Resident- or patient-centered care is a concept that is widely embraced across all health care settings, including long-term care. The concept encompasses a wide range of options, but the theme that defines most efforts in this area centers on determining consumer preferences and encouraging choice. In long-term-care settings, where residents both live and receive medical care, there is consensus that it is important to offer residents choice about all aspects of their lives, including those aspects that affect daily life quality. Expert consensus methodology has been used to validate quality indicators related to residential life in NHs. Many of these indicators are related to identifying resident preferences and offering residents choices (1-3). It is difficult to believe or argue that choice is unrelated to the quality of life of NH residents, who often require assistance with activities of daily living (ADL) and hence, are dependent on staff for such basic life functions as movement and toileting. In fact, there is a significant risk among NH residents of becoming “institutionalized” and accepting or being forced to adhere to staff schedules as opposed to a life schedule consistent with one’s individual preferences.
Back to Top
National Initiatives to Implement Resident-Centered Care Principles in Nursing Homes
There is widespread and growing interest in resident-centered care provision in NHs. This interest is reflected on the national level by a recent report from the Institute of Medicine that endorses resident-centered care and a coalition of providers and advocates who have given rise to what is popularly known as the NH culture change movement (4-7). This movement encompasses a broad range of interests, from transforming physical settings to redefining staff roles, but at its core it emphasizes resident autonomy and the importance of offering residents choices about their care and life (5-7). In 2005, the Center for Medicare services (CMS) recognized the culture change movement as a force for improving quality of life when it directed state Quality Improvement Organizations in their 8th scope of work to work with NHs to improve organizational culture (8). In September 2006, CMS launched a nursing home quality campaign whose eight goals include creating a culture of person- centered care and an empowered work force in NHs.
The federal NH regulatory industry also is placing increased emphasis on resident-centered care and choice in federal surveys of NH quality. The interpretive guidelines for conducting federal quality assessments include instructions throughout that residents’ preferences for care be identified. Survey deficiencies (or F tags) for quality of life have been designated, with language that specifically addresses resident preferences and choice (1). Consider, for example, F tag 242: “The resident has the right to choose activities, schedules and health care consistent with his or her interests, assessments and plans of care.” Surveyors are instructed to ask residents whether they are offered choices about daily life activities such as bedtimes and to observe whether resident choice and individuality is honored during daily care. F tags or care deficiencies can be cited if the surveyors find evidence that resident choice is not being honored.
Back to Top
Who can be interviewed and what types of questions should be asked?

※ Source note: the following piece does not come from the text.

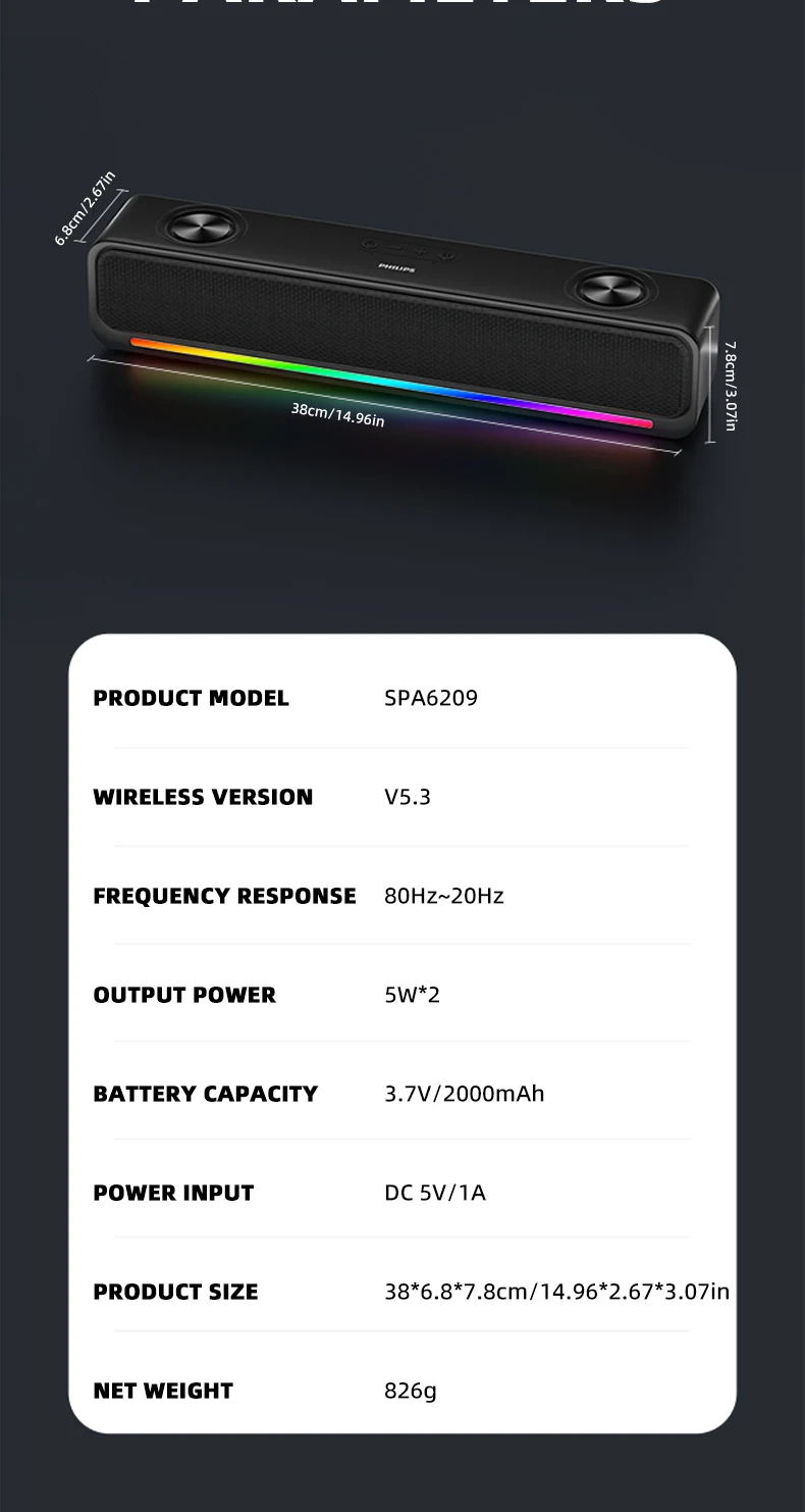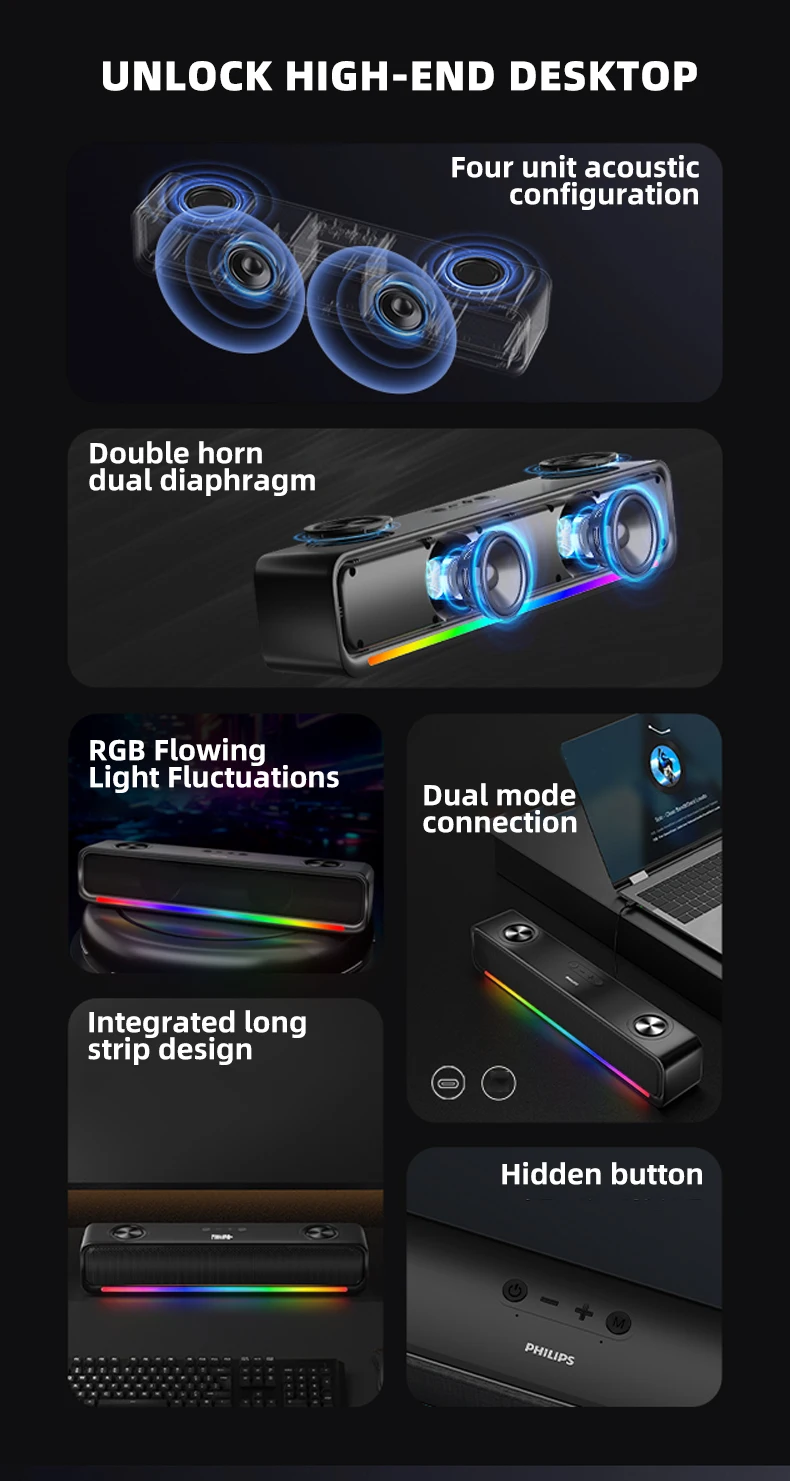 Philips SPA6209 Multimedia Desktop Speaker Wireless 5.3 Double

The high prevalence of depression and cognitive impairment among NH residents raises questions about which and how many residents can express meaningful preferences when interviewed. A series of studies led by Dr. Sandra Simmons has demonstrated that between 50 and 90% of residents could answer questions in a stable fashion across two interviews about their pain status and their preferences for care in the following areas: pain medication, walking assistance, incontinence care, out of bed times and dining location for meals (9-12). A study by another research team that measured resident perceptions of quality of life in a nationwide sample of NHs found that a similar percentage of residents could be interviewed about their preferences and life quality (13). When considered together, these studies lead to the conclusion that most NH residents can express their preferences for care; thus, it follows that NH medical records (MDS assessments, care plans) should include documentation of residents’ preferences for daily care. Unfortunately, documentation of residents’ daily care preferences is often absent or erroneous when compared to independent assessments by research staff using standardized resident interview protocols.

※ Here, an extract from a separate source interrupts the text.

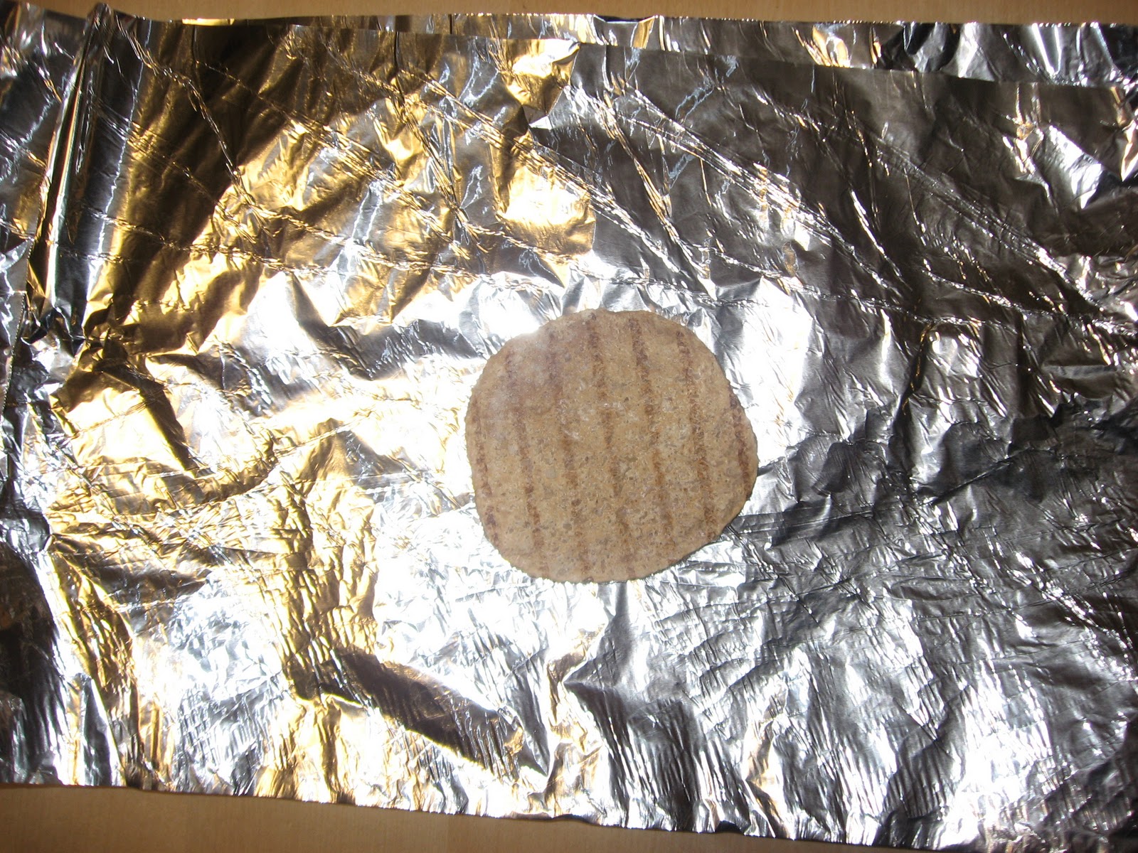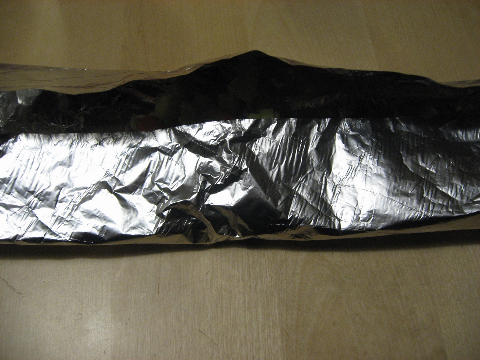 Wrap the whole thing up in the aluminium foil, wrapping carefully to overlap the edges and to not poke any holes in the foil.

We provide in this Quality-of-Life assessment module criteria to select residents appropriate for interview because staff have a tendency to erroneously assume that most residents are incapable of answering questions about their daily care preferences due to cognitive impairment (Refer / Provide links to other appropriate sections for MDS CPS and Recall Scale selection criteria. Note: add instructions and scoring algorithm to calculate CPS earlier in QOL section when CPS is mentioned as selection criteria). We also provide guidelines for how to structure interview questions to allow residents with mild to moderate cognitive impairment to reliably answer such questions. In addition, we developed a resident interview protocol specifically for the purpose of assessing resident’s daily care preferences in three activities of daily living: getting out of bed, toileting and dressing. You can start by asking residents about just one of the three care activities, although we focused on these three because the care is typically provided at the same time (during morning ADL care delivery). Remember that residents often report preferences that reflect reduced expectations for care and the established staff routine because they believe that they really don’t have alternative choices available to them. Thus, the person conducting the interview should be different from the person who typically provides the care (nurse aides); and, the interviewer should be sensitive to residents’ expression of reduced expectations in response to the interview questions (e.g., comments such as, “it’s okay, the way it is”; “the staff do what they can”; “I’m not the only person who lives here, you know”).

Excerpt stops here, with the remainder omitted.